Star. Il a fait entrer le Brésil dans la cour des grands et sa popularité est sans égale : 83 %.
C'est un petit livre qui fait bien rire les Brésiliens ces temps-ci. Son titre, « Jamais auparavant dans l'histoire de ce pays... », parodie la phrase favorite de Lula pour autocélébrer ses succès. L'auteur, Marcelo Tas, animateur d'un show télé satirique, y recense les plus belles perles du président brésilien. Voici Lula découvrant l'Antarctique à bord d'un navire de la marine nationale : « C'est le plus grand frigo que j'ai vu de toute ma vie ! » Une autre fois, voulant célébrer la révolution du wi-fi gratuit dans les favelas, il devient - involontairement ? - scabreux : « L'inclusion digitale est le mot le plus sexy de mon gouvernement. »
Les Brésiliens rigolent de bon coeur. Mais ils savent aussi que lorsque Lula répète pour la énième fois : « C'est la première fois dans l'histoire de ce pays...», il a souvent raison. C'est la première fois qu'un ouvrier métallurgiste, leader syndical de surcroît, est devenu président dans l'un des pays les plus inégalitaires du monde. Et qu'il s'apprête à quitter le pouvoir après deux mandats, en octobre, avec un taux de popularité de 83 %. C'est la première fois qu'on acclame son nom dans les favelas de Rio et à la Bourse de São Paulo, que le taux de pauvreté est passé d'un gros tiers à un petit quart de la population, que 40 millions de Brésiliens ont accédé à la fameuse classe C et intégré les classes moyennes. La première fois, encore, que sur les appuis-tête de la compagnie aérienne intérieure TAM on peut lire « Dans la prochaine décennie, le Brésil deviendra la 5e puissance mondiale ». Et, lorsque au sommet du G20 à Londres, en avril 2009, Barack Obama fonce vers le président brésilien les bras ouverts en s'exclamant « Voilà mon homme ! » c'est pour Lula et son pays la consécration internationale. Le « roi du Brésil », comme il s'est autoproclamé un jour sans complexe, est une star des estrades planétaires. Partout, on lui déroule le tapis rouge. Mais Lula garde son franc-parler. A Brasilia, en pleine crise financière, au côté de Gordon Brown qui encaisse sans broncher, il brocarde « la crise des banquiers blancs, blonds aux yeux bleus ». Il reçoit l'Iranien Mahmoud Ahmadinejad avec les honneurs à Brasilia et s'affiche à La Havane avec le frère Castro pendant que des dissidents politiques en grève de la faim meurent à petit feu.

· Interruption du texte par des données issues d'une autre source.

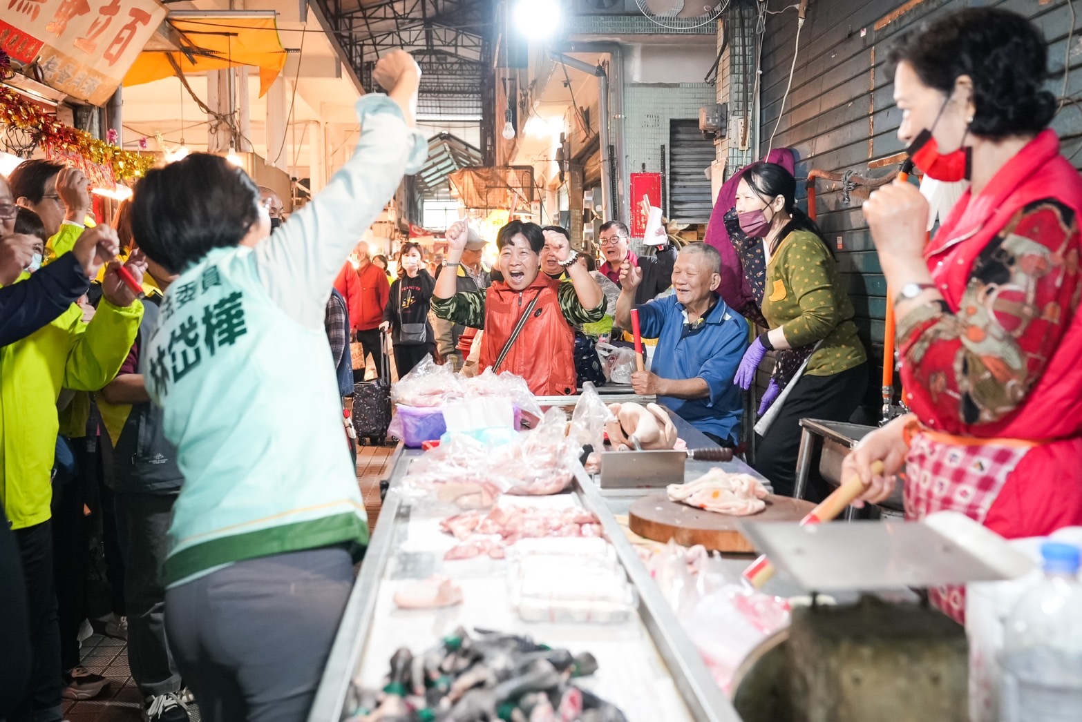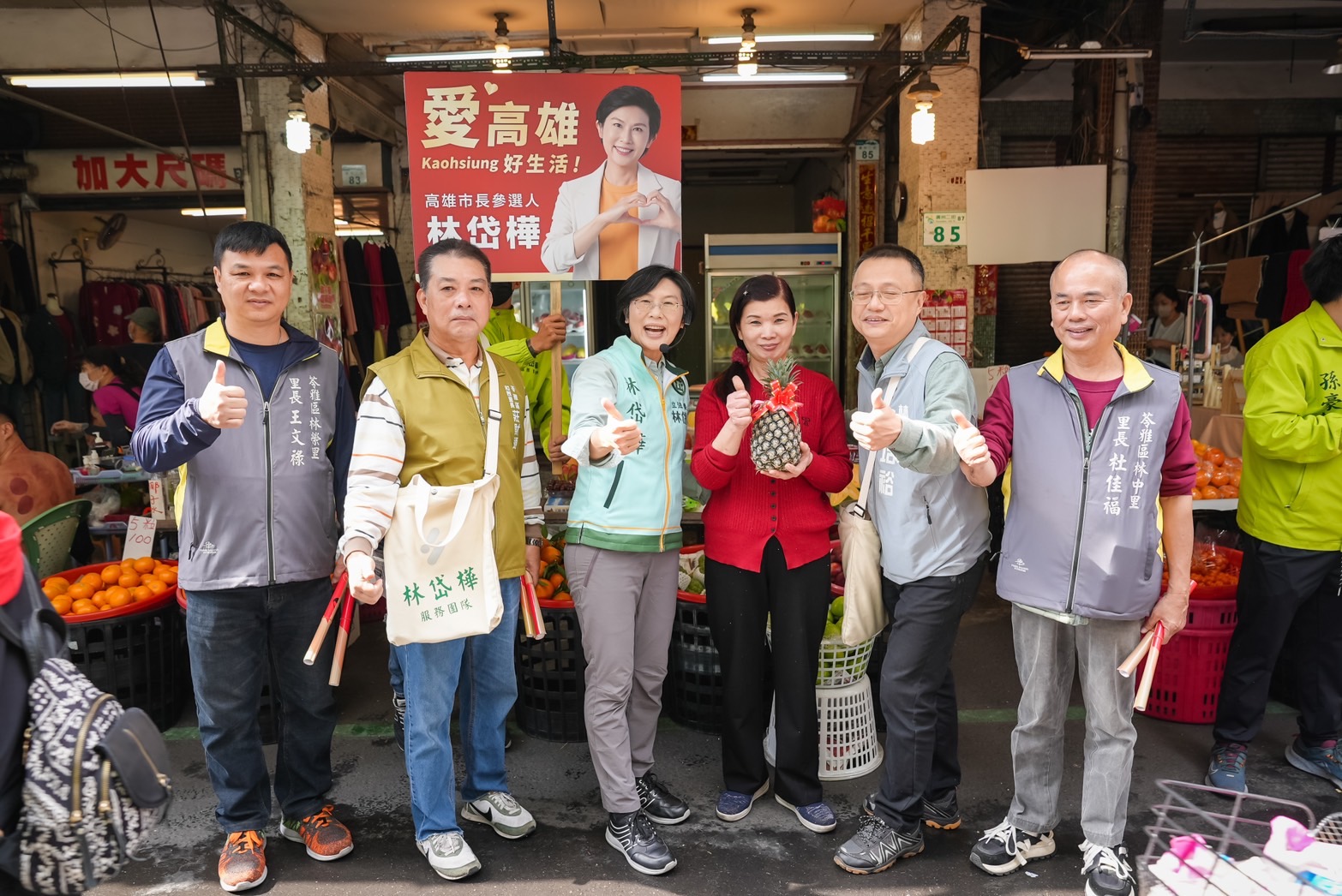 圖說:林岱樺(左三)一行人所到之處受攤商熱情支持。(圖片來源:林岱樺服務團隊提供)
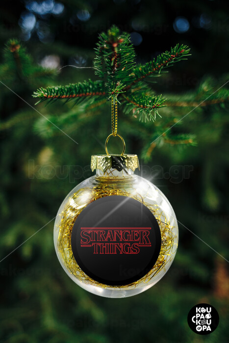 Stranger Things Logo, Στολίδι Χριστουγεννιάτικη μπάλα δένδρου διάφανη με χρυσό γέμισμα 8cm
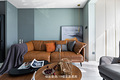客厅阳台敲掉包进来,整体空间扩大一倍。灰蓝色沙发背景墙与置物登背景墙颜色做一个深浅交错,利用色彩效果营造出空间层次感。土橙色皮质简约沙发,搭配休闲舒适单人沙发椅,简单大气。
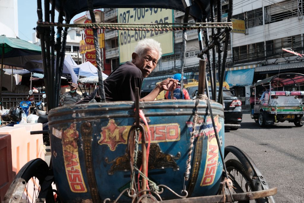 A man sits in his trishaw in Samut Prakan, Thailand.
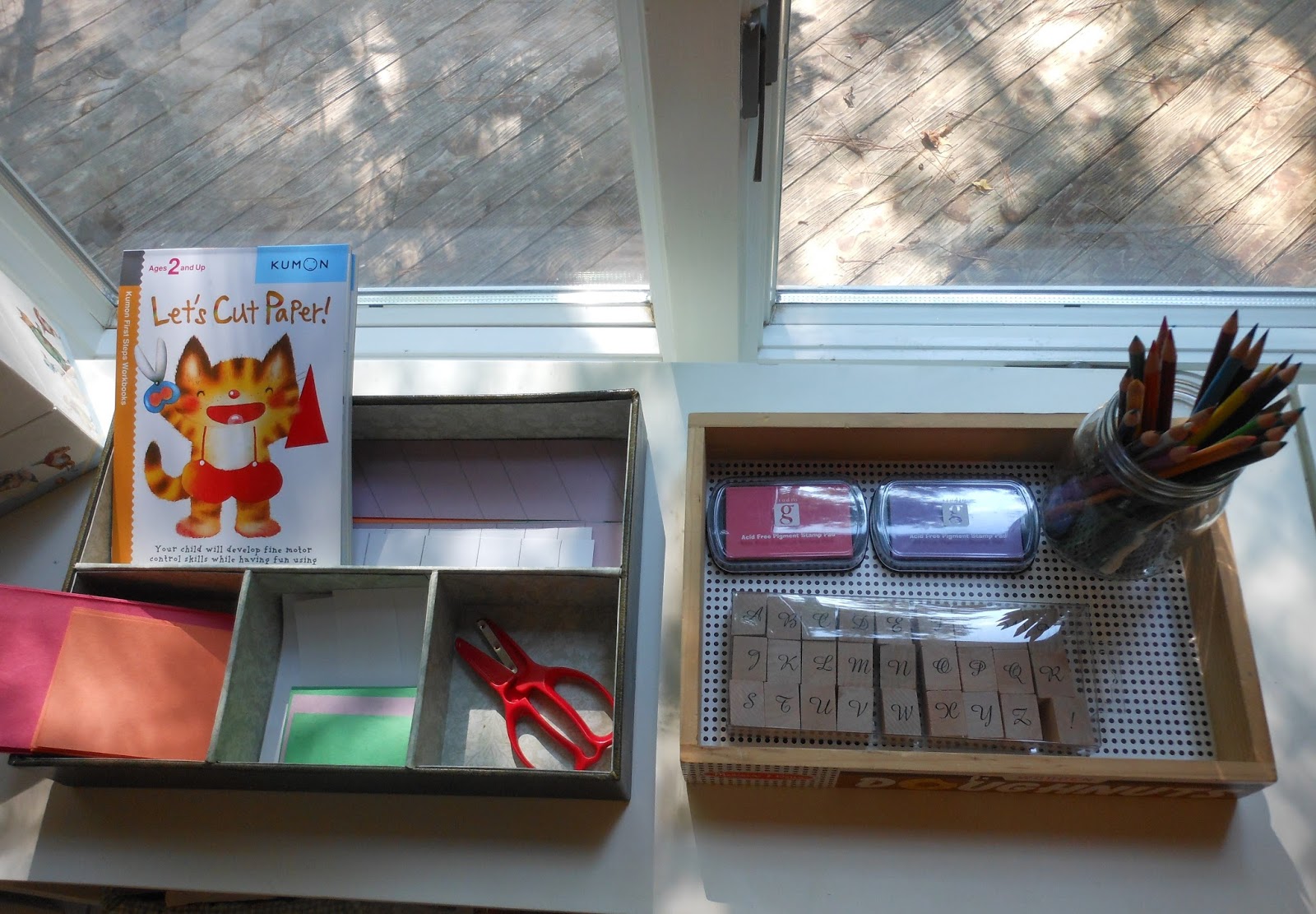 I’ve added a cutting and writing station complete with my favorite beginner scissors, these and these. Colored Pencils, alphabet stamps, and several different paper options.
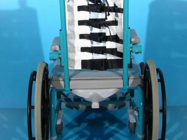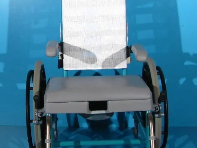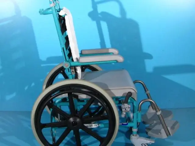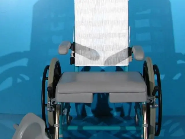 Scaun handicap cu wc (toaleta), cu rotile destinat persoanelor cu nevoi speciale.
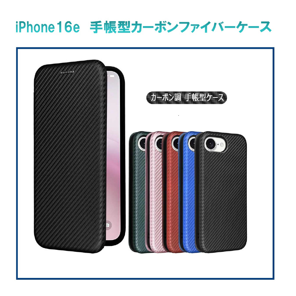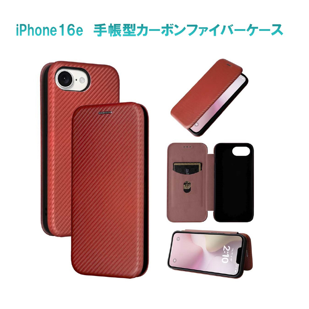 iPhone 16e カーボンファイバー手帳型ケース(レッド)
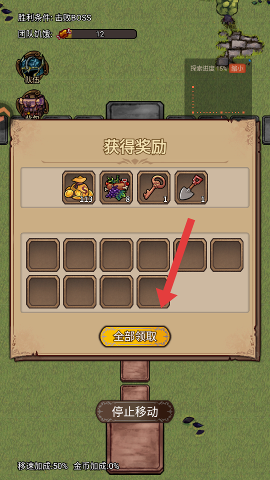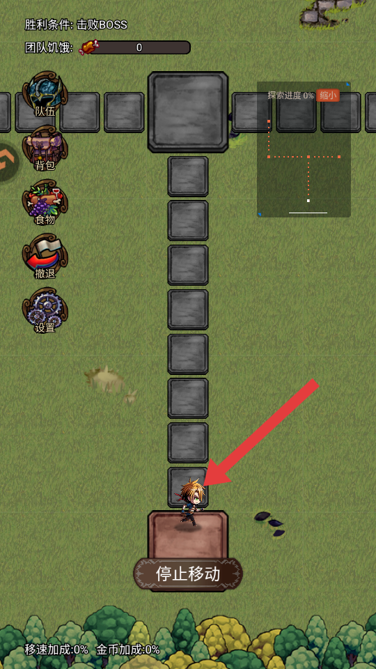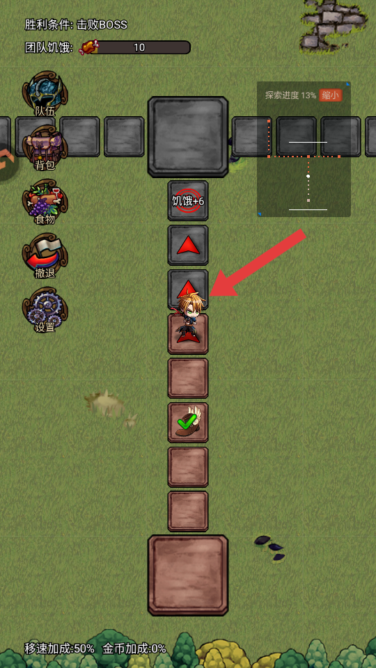 4、战斗经验后,根据地图指引前往BOSS所在地,进入BOSS战回合前,确保团队饥饿值满格、医疗道具充足。
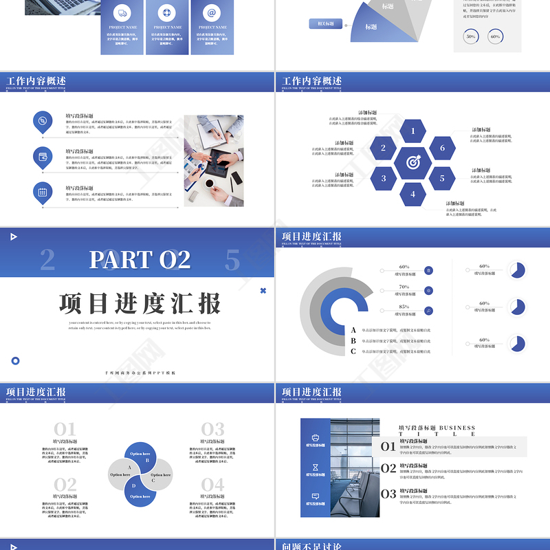 2020年藍色穩重大氣簡約商務商業計劃公司介紹通用ppt模板包含
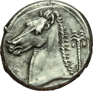 Greek. Punic Sicily. Tetradrachm, 350-325 B.C. Lilybaeum (?). Obv.: Head of Tanit left. Four dolphins around. Rev.: Head of horse left. Palm tree behind. Cfr. SNG Cop. 978. AG. g. 16.85 R. About EF. Mondo Greco. Sicilia Punica. Tetradracma, 350-325 a.C. Lilybaeum (?). D/ Testa di Tanit a sinistra. Intorno, quattro delfini. R/ Testa di cavallo a sinistra. Dietro, albero di palma. Cfr. SNG Cop. 978. AG. g. 16.85 R. qSPL.
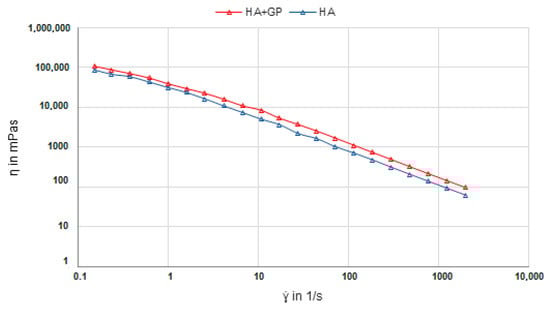 Shear viscosity measurements of the pure HA and HA-GP gels were performed to study the mechanical variation caused by the addition of genipin. In Figure 12, a slightly higher shear viscosity is observed in the HA-GP gel over the pure HA gel with a p-value 0.0006 substantiating the significant difference between these two hydrogels. These results confirm that adding genipin to pure HA increases viscosity of the gel. HA lacks the primary amino groups that genipin is known to react with; however, it is postulated that its highly reactive hydroxy groups are capable of forming glycosidic bonds with genipin which are stable in water [38,39].

Lula a peut-être pris un peu la grosse tête, mais devant les siens, chez lui, il reste tel qu'en lui-même. Le voici en visite à la Rocinha, à Rio. En plein coeur de la ville, c'est la plus grande favela d'Amérique du Sud, une cascade de bicoques de bric et de broc qui descend en amphithéâtre des collines de Gavea. Chemise en lin blanc, l'air d'un vieil oncle bienveillant retrouvant sa marmaille, Lula jubile. C'est son public, il est leur idole. Il embrasse les enfants comme du bon pain, fait la bise aux femmes, distribue force abraços aux hommes. Il signe à tour de bras les casquettes et les tee-shirts qu'on lui tend des premiers rangs, salue à la brésilienne les deux pouces levés, lance des clins d'oeil à de vieilles connaissances. Entre lui et eux, pas de chichis, pas besoin de conseillers pour communiquer avec les « vraies gens », car comme eux il a connu la misère.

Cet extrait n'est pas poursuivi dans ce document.